Law of Reflection (Holon Publishing/Collective Press) is Moss’s story of how a devastating breakup set in motion his search for answers and solutions — a search that would take him from his Midwest comfort zone to mystical places halfway around the world and back. Along the way, we have the privilege to not only witness his frustrating setbacks and glorious ah-hah moments, but to experience them by his side. As a result, we can benefit from everything he learns on his spiritual journey, one that begins with a fleeting glimpse of the Dali Lama on television and in a bookstore display.

SEEKING ANSWERS AND SOLUTIONS

Moss had been searching through his painful childhood for the reasons why he was in such pain. His most recent ex-boyfriend had cheated on him with what turned out to be dozens of other men, leaving him with not only a broken heart but shattered self-esteem. He could see parallels with his family dynamic growing up — an irritable mother who withdrew her affection and attention from him to tend to the needs of his disabled youngest brother, a disciplinarian father whose own infidelity would eventually break up the family. Every insight Moss discovered, though, would send him into a never-ending loop of suffering all over again. There had to be a way out.

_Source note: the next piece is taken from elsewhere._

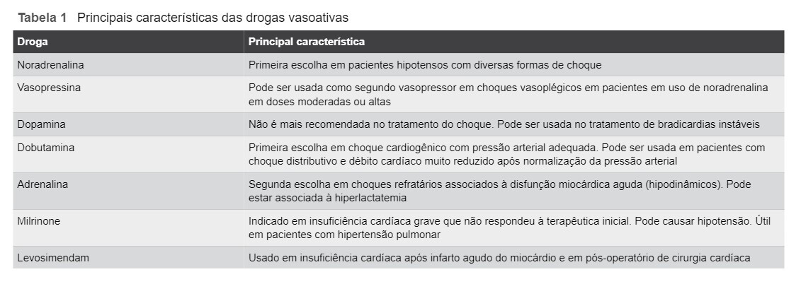 As principais características das drogas vasoativas estão descritas na Tabela 1 e um resumo de seus mecanismos de ação e efeitos hemodinâmicos na Tabela 2.

That way out presented itself on television one day, where he caught a brief segment on the teachings of the Dali Lama, and then soon after in a bookstore, which was selling copies of The Four Noble Truths, a book devoted to the core philosophy of Buddhism. He was skeptical at first, but something about these unfamiliar concepts resonated with him, beginning with the idea that suffering is a condition that can be cured through enlightenment.

This began a long period of studying what Moss calls “over-the-counter Dharma.” He attempted to put into practice what he read about. Many times, he would toss aside a book from his growing library of Buddhist teachings, frustrated and confused by the concepts. Finally, he bit the bullet and headed out to a Buddhist monastery a couple of hours away. The visit would put him in contact with people who were more than happy to help him discover, practice and understand the tenets of Buddhism — along with contacts who eventually brought him not only to the doorstep of the Dali Lama himself, but to the jungles of Nepal to meet a Bodhisattva who could very well be the next Buddha.

INSIGHTS AND AH-HAH MOMENTS

As his understanding grows, Moss relates how he was able to wrap his mind around some very complex concepts, and his insights become our own ah-hah moments. Far from being dry and scholarly, his explanations are full of clear language, vivid imagery and inherent poetry, as in this description of how he came to understand the concept of “emptiness” of forms, or the lack of concrete reality:

The tree that I was looking at was a stream of data that stretches backward through time and will stretch forward as well. It was a constantly changing thing, changing millisecond by millisecond. If I were to represent every millisecond with a domino, I would have an infinitely long chain of dominoes that stretched backward and forward in time. The tree I thought I saw was really just a sliver of that stream to which I apply the label tree.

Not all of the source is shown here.